EXERCISE DESCRIPTION:
Exactly as written, retype the listing below, omitting the pictures.

DATASET CONTENT:

--

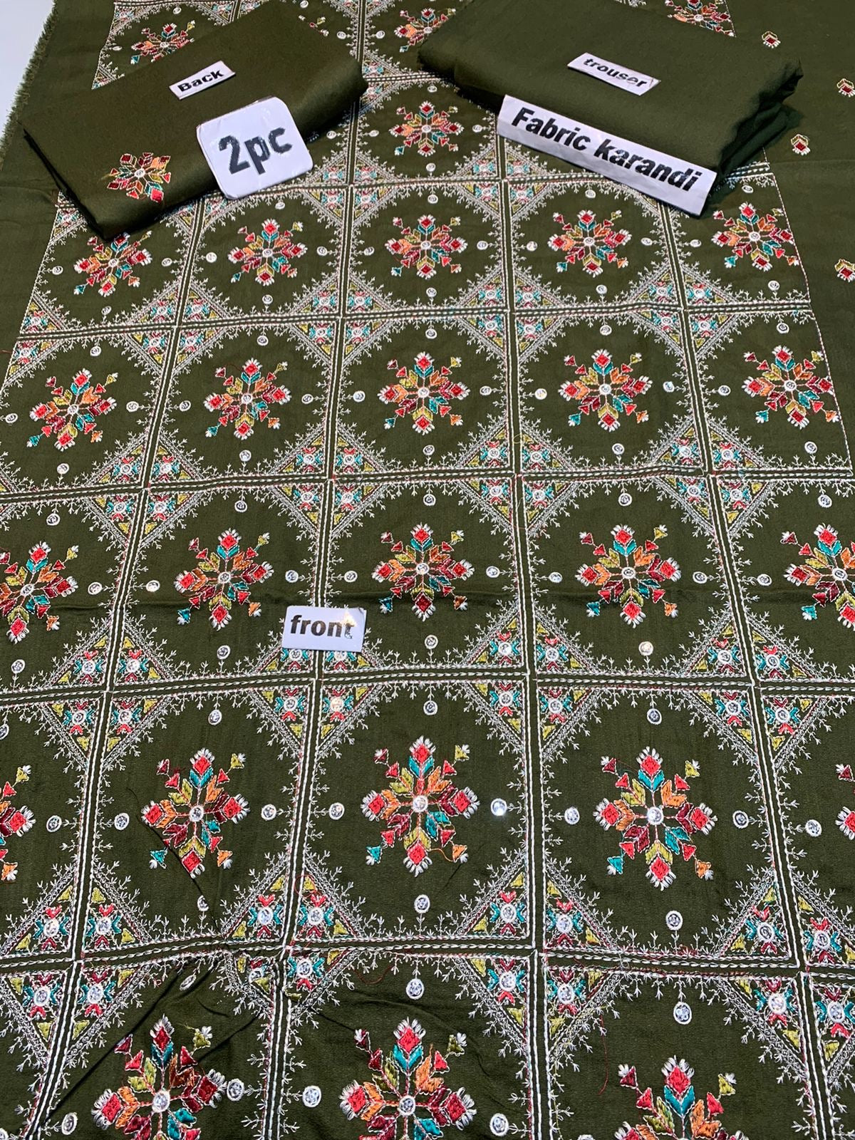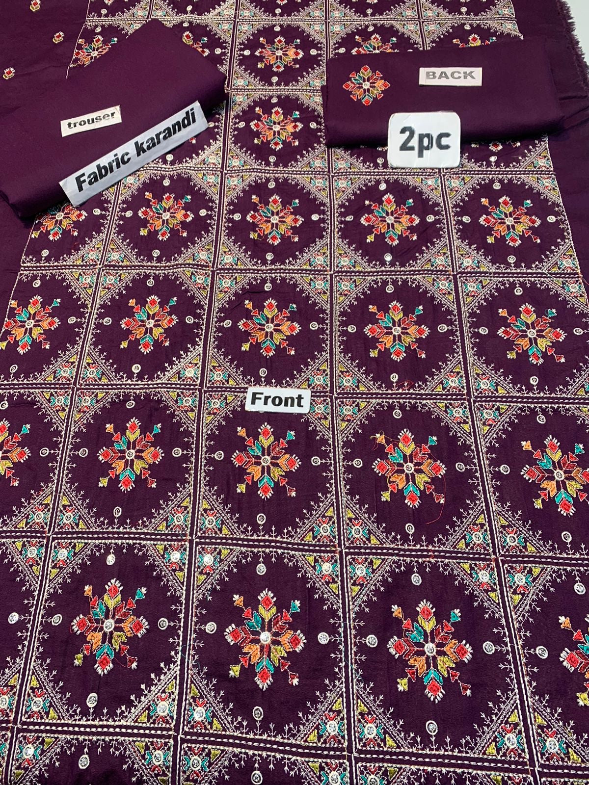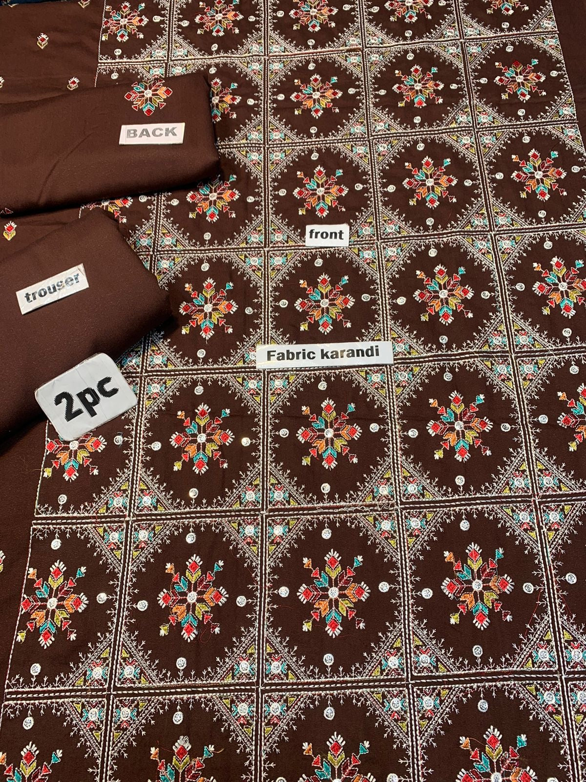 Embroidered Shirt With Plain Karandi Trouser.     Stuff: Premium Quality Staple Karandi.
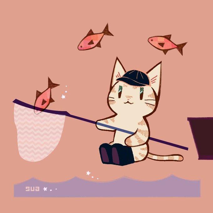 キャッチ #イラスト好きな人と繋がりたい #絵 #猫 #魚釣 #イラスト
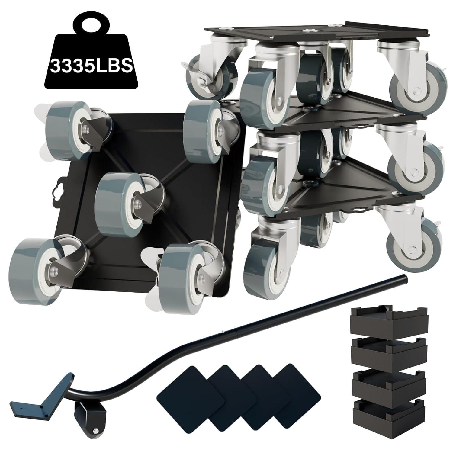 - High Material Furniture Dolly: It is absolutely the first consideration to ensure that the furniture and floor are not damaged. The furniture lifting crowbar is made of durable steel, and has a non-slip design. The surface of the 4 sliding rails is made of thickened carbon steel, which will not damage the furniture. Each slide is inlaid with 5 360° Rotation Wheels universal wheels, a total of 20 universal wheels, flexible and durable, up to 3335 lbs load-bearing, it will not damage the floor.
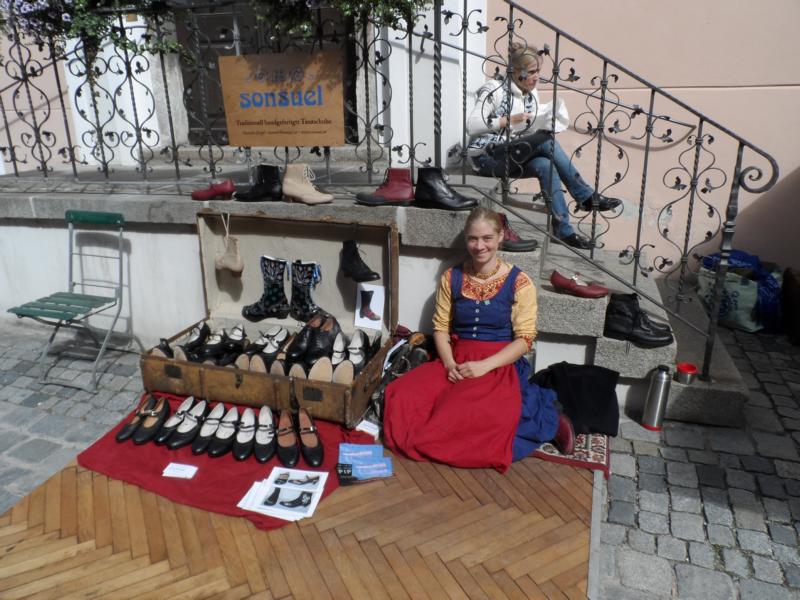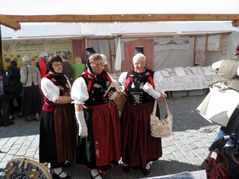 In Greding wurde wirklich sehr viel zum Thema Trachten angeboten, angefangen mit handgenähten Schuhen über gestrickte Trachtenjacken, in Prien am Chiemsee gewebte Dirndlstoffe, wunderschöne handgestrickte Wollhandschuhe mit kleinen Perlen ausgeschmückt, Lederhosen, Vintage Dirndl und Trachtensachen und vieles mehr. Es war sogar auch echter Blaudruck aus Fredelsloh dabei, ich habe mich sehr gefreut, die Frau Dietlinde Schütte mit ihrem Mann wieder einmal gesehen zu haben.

--

ANSWER TO THE EXERCISE:
 Embroidered Shirt With Plain Karandi Trouser.     Stuff: Premium Quality Staple Karandi.
 キャッチ #イラスト好きな人と繋がりたい #絵 #猫 #魚釣 #イラスト
 - High Material Furniture Dolly: It is absolutely the first consideration to ensure that the furniture and floor are not damaged. The furniture lifting crowbar is made of durable steel, and has a non-slip design. The surface of the 4 sliding rails is made of thickened carbon steel, which will not damage the furniture. Each slide is inlaid with 5 360° Rotation Wheels universal wheels, a total of 20 universal wheels, flexible and durable, up to 3335 lbs load-bearing, it will not damage the floor.
 In Greding wurde wirklich sehr viel zum Thema Trachten angeboten, angefangen mit handgenähten Schuhen über gestrickte Trachtenjacken, in Prien am Chiemsee gewebte Dirndlstoffe, wunderschöne handgestrickte Wollhandschuhe mit kleinen Perlen ausgeschmückt, Lederhosen, Vintage Dirndl und Trachtensachen und vieles mehr. Es war sogar auch echter Blaudruck aus Fredelsloh dabei, ich habe mich sehr gefreut, die Frau Dietlinde Schütte mit ihrem Mann wieder einmal gesehen zu haben.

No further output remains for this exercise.